EXERCISE:
Reply solely with the number of lines, in the records underneath, that include the word "einem".

PROVIDED RECORDS:
□ □ □ □ □
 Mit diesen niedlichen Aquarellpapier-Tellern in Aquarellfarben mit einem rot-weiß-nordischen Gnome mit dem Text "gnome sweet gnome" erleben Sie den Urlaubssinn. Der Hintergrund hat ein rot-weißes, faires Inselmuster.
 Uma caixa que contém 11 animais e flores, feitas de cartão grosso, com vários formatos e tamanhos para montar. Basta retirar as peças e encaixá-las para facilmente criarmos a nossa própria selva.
□ □ □ □ □
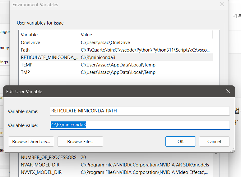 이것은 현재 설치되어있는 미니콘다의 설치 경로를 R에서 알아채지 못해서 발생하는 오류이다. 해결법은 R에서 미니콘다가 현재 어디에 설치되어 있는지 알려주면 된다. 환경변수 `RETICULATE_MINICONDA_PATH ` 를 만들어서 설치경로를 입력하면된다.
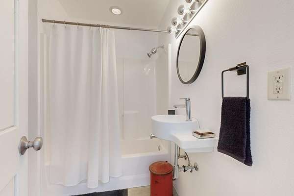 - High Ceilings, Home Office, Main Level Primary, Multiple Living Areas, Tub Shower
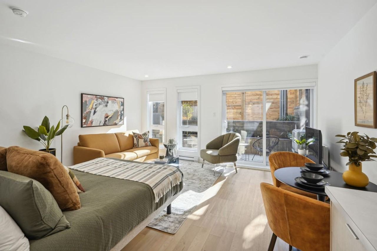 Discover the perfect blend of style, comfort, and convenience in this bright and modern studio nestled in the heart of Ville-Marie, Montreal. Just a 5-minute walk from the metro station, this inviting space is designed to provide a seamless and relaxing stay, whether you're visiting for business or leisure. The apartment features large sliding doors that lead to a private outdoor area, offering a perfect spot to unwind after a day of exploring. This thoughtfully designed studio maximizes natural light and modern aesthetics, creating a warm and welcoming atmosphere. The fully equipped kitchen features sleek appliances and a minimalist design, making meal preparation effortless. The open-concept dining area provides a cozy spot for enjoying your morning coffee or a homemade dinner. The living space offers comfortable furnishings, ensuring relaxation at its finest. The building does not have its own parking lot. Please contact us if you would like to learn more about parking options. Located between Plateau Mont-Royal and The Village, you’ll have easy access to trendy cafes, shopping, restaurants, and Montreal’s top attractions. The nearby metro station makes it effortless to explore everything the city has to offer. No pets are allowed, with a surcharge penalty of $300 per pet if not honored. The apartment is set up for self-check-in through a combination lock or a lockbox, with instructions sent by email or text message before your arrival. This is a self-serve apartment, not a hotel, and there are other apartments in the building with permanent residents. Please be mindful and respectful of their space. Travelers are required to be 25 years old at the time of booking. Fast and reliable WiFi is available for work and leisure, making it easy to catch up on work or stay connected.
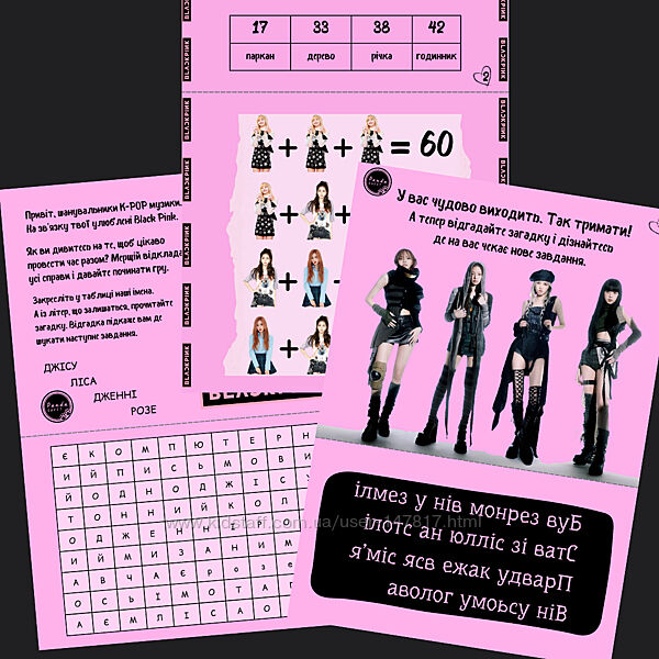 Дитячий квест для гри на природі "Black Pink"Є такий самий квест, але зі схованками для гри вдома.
□ □ □ □ □
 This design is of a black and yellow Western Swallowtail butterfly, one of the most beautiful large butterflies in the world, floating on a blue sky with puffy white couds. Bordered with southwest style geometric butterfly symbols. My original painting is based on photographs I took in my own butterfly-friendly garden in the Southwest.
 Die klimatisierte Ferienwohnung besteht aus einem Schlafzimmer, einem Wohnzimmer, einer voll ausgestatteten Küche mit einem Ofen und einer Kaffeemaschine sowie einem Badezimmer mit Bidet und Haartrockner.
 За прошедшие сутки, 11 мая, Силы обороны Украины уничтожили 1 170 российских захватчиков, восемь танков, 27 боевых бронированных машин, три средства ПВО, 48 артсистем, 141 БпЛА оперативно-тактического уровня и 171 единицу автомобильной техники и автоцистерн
□ □ □ □ □
RESPONSE TO THIS EXERCISE:
2